Auf diesen Moment hatte Cleo gewartet.

Während sie sich herumwarf, auf dem Gesicht eine Grimasse aus blanker Mordlust, schoss ihre verborgene Rechte mit dem Messer unter ihr hervor.

Fassungslos vor Entsetzen sah Melvin, wie der kalt blitzende Stahl einer Messerklinge unter dem Körper der Frau hervorkam. Im selben Augenblick erkannte er die Frau. Geistesgegenwärtig riss er seinen Arm hoch, um den Stich abzuwehren.

Die Klinge fuhr tief in seinen Oberarm.

Er schrie auf und taumelte zurück, fasste nach seinem verwundeten Arm und geriet ins Stolpern.

Sofort setzte Cleo ihm nach. »Krepier, du Hund!«, gellte sie und stach ein zweites Mal zu. Sie rammte ihm das Messer in den Leib, begleitet von einem kratzigen Lachen und einem weiteren lästerlichen Zuruf, der ihn jedoch nicht mehr erreichte.
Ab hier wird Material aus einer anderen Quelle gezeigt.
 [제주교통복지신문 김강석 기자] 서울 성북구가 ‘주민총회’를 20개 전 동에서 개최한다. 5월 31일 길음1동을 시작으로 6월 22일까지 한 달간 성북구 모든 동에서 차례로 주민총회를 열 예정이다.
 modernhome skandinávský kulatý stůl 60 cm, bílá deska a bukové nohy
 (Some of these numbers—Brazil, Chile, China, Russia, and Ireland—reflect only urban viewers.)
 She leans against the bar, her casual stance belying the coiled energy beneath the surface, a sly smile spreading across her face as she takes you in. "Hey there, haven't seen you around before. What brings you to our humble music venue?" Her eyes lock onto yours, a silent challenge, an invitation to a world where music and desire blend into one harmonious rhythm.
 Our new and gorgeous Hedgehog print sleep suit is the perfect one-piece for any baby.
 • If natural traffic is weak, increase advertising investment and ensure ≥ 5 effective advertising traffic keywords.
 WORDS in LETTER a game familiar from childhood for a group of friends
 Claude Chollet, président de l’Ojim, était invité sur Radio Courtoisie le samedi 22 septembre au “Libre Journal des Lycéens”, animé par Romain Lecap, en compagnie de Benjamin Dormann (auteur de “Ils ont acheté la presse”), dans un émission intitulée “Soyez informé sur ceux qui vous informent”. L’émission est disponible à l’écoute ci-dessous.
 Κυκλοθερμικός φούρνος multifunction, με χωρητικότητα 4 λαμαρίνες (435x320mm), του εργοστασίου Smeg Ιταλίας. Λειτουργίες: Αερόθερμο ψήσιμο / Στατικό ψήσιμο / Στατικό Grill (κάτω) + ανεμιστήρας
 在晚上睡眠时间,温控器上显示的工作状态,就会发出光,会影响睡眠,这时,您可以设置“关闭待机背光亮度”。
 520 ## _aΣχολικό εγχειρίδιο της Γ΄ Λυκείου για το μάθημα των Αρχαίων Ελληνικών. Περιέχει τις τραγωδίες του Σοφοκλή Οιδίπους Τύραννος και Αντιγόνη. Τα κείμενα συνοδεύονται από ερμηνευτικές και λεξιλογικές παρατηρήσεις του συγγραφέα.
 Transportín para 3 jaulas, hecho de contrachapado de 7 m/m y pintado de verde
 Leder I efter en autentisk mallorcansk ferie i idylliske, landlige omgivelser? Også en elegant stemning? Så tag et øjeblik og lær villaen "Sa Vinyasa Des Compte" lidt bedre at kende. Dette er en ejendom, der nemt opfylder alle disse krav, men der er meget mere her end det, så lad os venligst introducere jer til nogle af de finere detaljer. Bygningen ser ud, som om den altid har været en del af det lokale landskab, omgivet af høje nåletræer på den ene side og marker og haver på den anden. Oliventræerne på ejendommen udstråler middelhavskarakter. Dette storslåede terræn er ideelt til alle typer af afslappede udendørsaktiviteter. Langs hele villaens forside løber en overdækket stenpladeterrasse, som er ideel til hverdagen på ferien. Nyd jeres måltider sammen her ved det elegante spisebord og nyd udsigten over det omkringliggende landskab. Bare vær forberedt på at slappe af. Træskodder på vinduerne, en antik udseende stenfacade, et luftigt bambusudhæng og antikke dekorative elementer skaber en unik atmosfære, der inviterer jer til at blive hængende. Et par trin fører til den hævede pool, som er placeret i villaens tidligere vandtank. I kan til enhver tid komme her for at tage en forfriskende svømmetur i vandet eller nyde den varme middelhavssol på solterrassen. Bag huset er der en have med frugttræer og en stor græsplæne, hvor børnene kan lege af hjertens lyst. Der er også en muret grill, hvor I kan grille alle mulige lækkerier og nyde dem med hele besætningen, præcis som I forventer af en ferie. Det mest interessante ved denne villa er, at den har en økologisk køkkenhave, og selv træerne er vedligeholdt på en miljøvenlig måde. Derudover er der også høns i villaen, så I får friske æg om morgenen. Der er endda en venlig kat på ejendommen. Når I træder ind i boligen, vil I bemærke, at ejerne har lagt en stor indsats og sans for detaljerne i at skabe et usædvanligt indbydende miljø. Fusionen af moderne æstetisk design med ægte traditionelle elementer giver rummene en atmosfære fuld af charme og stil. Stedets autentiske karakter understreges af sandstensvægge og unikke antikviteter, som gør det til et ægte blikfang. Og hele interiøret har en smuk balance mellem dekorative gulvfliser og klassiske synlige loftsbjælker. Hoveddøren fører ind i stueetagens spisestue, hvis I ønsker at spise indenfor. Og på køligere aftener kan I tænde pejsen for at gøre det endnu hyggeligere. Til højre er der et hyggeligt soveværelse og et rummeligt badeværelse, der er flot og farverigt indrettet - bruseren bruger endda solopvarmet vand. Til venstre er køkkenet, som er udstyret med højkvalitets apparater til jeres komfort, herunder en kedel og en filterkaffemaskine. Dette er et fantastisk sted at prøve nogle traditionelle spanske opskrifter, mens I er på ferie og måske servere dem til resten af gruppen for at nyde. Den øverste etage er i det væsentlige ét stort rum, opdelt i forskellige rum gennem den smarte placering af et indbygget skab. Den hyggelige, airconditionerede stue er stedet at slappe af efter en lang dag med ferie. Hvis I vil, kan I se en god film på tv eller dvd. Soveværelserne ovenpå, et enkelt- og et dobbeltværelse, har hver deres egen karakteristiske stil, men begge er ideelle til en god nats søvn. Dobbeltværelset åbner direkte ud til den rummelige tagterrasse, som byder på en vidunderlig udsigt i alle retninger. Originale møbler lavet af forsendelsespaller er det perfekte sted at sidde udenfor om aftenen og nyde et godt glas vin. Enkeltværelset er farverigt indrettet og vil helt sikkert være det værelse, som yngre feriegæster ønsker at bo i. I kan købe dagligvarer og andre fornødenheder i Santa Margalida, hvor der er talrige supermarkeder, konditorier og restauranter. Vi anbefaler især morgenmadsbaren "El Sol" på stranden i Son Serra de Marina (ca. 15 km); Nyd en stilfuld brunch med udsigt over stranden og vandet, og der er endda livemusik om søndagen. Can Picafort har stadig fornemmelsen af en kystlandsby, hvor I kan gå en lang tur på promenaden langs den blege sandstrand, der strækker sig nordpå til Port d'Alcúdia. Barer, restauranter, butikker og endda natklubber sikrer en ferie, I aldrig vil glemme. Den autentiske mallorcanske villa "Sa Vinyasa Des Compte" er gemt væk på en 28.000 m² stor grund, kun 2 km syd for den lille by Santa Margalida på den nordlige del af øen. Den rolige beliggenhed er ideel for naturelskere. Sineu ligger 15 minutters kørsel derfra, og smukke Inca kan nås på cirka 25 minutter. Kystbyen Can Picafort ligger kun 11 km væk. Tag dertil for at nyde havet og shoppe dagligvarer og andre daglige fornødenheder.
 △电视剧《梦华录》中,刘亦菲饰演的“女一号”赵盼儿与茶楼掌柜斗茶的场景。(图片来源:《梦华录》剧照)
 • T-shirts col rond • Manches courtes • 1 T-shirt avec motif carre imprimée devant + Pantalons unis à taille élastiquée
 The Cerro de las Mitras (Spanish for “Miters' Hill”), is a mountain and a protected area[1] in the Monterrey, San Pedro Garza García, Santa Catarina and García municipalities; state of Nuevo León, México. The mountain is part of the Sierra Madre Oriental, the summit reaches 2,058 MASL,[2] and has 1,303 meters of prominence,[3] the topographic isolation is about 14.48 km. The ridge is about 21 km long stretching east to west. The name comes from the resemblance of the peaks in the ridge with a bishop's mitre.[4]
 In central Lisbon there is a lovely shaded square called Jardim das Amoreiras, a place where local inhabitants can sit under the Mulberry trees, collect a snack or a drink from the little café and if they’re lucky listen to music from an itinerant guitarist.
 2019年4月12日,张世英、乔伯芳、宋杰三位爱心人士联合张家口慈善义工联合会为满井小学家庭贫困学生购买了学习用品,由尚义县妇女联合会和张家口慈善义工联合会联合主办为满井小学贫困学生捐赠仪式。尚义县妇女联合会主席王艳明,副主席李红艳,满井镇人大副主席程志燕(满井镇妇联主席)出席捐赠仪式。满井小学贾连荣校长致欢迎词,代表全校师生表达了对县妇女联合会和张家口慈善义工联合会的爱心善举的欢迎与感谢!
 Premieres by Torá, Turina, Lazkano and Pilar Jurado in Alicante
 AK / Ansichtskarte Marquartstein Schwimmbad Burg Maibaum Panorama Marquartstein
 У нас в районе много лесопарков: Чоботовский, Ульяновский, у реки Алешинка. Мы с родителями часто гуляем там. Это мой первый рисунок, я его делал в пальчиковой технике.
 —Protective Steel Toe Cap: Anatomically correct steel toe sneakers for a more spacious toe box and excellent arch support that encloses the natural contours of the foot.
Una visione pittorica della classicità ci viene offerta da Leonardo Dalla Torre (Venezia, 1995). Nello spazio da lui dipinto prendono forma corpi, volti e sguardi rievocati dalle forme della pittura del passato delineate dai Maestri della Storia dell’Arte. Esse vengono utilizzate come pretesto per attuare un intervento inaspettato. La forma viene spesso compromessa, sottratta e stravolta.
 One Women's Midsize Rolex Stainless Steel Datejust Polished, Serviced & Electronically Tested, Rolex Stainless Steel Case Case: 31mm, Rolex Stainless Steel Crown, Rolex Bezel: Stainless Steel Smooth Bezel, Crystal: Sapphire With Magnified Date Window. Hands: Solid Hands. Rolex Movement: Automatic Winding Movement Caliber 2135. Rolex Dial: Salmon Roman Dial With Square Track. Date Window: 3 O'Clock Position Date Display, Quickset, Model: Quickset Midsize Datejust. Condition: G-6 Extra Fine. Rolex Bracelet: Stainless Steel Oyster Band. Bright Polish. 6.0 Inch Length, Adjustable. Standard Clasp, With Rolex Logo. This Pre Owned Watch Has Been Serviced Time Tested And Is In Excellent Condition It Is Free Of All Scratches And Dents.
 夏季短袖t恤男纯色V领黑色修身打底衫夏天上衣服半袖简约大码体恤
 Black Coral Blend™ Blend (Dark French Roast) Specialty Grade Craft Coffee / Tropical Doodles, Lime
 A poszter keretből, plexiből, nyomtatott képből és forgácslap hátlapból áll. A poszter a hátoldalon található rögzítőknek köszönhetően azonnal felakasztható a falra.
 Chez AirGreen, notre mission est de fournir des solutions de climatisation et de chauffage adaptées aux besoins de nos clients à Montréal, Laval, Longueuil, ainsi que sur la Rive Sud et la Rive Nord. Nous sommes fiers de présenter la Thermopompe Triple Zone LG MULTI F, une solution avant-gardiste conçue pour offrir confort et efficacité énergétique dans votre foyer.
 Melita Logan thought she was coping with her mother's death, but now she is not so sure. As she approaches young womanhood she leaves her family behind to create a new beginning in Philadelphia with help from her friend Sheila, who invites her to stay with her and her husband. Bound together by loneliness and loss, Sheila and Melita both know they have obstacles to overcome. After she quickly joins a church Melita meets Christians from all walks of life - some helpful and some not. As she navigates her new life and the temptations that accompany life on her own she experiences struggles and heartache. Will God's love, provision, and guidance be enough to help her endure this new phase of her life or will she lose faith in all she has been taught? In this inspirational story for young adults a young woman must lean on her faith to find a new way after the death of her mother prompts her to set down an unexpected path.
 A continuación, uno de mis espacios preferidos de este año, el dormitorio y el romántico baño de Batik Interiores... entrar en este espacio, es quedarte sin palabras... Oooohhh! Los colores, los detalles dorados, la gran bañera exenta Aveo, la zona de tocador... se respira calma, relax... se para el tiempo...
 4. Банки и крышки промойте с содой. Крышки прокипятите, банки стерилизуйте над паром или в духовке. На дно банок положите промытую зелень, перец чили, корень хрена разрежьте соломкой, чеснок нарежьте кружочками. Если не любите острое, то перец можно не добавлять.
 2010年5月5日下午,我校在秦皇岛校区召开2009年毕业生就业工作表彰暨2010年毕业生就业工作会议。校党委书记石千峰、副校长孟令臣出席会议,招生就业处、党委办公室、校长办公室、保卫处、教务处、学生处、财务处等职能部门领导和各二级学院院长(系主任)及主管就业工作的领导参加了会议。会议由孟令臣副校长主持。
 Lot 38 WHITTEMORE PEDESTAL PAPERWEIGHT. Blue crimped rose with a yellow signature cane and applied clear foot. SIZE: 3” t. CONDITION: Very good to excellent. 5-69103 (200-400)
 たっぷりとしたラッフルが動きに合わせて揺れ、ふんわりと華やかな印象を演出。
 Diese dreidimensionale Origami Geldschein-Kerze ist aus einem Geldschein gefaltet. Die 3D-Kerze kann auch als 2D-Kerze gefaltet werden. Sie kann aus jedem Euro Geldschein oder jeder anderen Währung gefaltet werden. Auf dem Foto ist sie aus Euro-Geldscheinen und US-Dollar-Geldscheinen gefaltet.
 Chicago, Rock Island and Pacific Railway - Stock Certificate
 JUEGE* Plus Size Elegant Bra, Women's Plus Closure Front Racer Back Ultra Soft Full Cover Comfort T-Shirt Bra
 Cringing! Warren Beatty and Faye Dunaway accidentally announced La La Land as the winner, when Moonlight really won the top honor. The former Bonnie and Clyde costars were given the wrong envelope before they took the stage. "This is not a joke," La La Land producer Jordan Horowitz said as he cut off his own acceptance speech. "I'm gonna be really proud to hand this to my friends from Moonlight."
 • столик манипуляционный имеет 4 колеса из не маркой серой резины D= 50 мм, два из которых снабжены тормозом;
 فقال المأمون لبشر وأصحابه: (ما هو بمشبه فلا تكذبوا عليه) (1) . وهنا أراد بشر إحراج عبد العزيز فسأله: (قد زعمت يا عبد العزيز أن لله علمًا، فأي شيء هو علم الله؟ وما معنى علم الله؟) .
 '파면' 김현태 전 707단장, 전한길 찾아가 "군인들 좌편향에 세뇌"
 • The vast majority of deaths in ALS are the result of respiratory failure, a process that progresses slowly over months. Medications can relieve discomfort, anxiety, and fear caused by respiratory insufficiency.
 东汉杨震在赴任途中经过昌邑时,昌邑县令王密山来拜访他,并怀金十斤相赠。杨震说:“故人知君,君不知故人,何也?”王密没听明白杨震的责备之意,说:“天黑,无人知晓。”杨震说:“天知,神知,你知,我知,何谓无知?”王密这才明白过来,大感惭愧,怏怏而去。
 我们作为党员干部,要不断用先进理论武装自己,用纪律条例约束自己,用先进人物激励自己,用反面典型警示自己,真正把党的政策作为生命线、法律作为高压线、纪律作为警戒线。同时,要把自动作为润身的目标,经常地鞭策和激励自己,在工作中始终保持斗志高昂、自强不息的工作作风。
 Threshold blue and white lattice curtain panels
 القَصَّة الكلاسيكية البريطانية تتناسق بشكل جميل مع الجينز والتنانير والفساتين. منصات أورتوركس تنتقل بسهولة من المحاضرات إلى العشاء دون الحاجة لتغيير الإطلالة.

Melvin stürzte rücklings zu Boden. Mit dem Hinterkopf schlug er auf einen der Felsbrocken und von einer Sekunde auf die andere verwandelte sich die gleißende Helligkeit in undurchdringliche Schwärze. Gleichzeitig explodierte in ihm ein fürchterlicher Schmerz, der sich mit blitzartiger Schnelligkeit bis in die letzte Faser seines Körpers ausbreitete und jegliche bewusste Wahrnehmung in ihm auslöschte.